# Home Theater Receiver woes...



## zulukingcrowned (May 2, 2010)

Hey guys,

Right now I have a Pioneer VSX-517 that I bought a couple years ago on a whim just to get my speakers up and pumping when I moved into a new house. Now, after ****ing around with it and not being happy with the interface and general performance I'm considering an upgrade. I'm looking for a audio/video receiver under 400 that will do an adequate job and I'm having trouble since I have limited knowledge. I would like HDMI input for my sharp LED TV and PS3...only going to be powering 2 large ESS speakers (old German AMT drivers with piano tweeters on top that still shake the house) for the time being, having no need nor money to get speakers.

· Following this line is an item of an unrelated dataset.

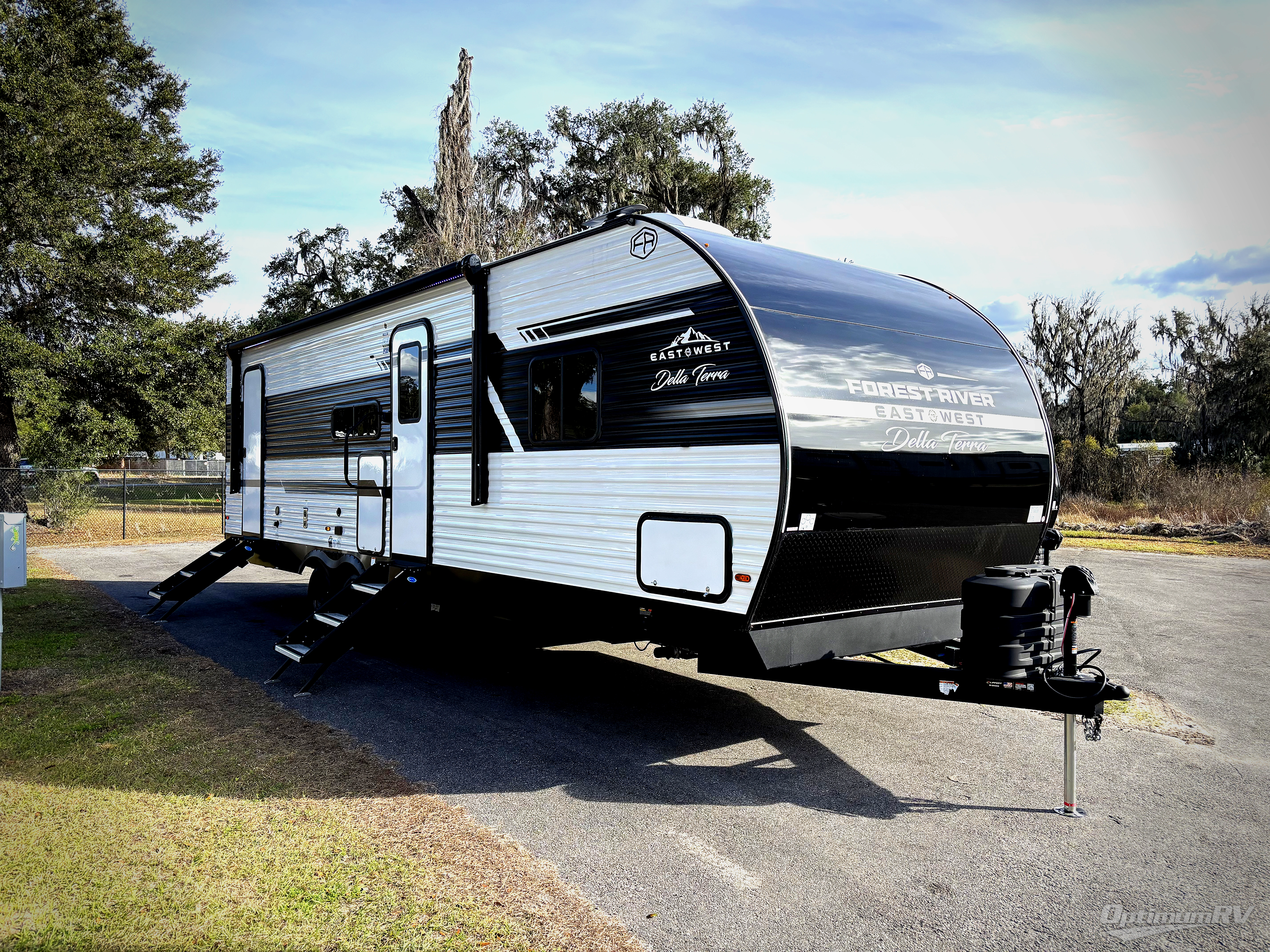 Each Della Terra travel trailer by EAST TO WEST is constructed with an enclosed and heated underbelly and enclosed holding tanks for added protection against the elements. There is also a power tongue jack with an LED light for easy set up and a power awning with LED lights you can rest under after you've unpacked. The Explore Comfort Package comes seamless pressed countertops, kitchen backsplash, window valance package with black night shades, and many more comforts. You will also appreciate the Adventure Outdoor Package with backup camera prep and solar prep, a tankless water heater, an RV grill quick disconnect, and a universal docking station with battery disconnect.

Throw me some suggestions guys  I'd really like to get a receiver regimented only for music, but I need to consolidate my system right now and not make a larger. :mean:


----------



## jimmy2345 (Jul 12, 2010)

Might want to check into a Marantz SR7002. You can usually find them for 400-500 used on ebay.


----------



## pyfocal (Aug 12, 2007)

This is a good deal.I have a couple of their amps and they are some of the best mid priced stuff you can get.Rotel RSX-1055 5.1 Home Theater Receiver (RSX1055) - eBay (item 150515814849 end time Dec-05-10 07:45:10 PST)


----------



## zulukingcrowned (May 2, 2010)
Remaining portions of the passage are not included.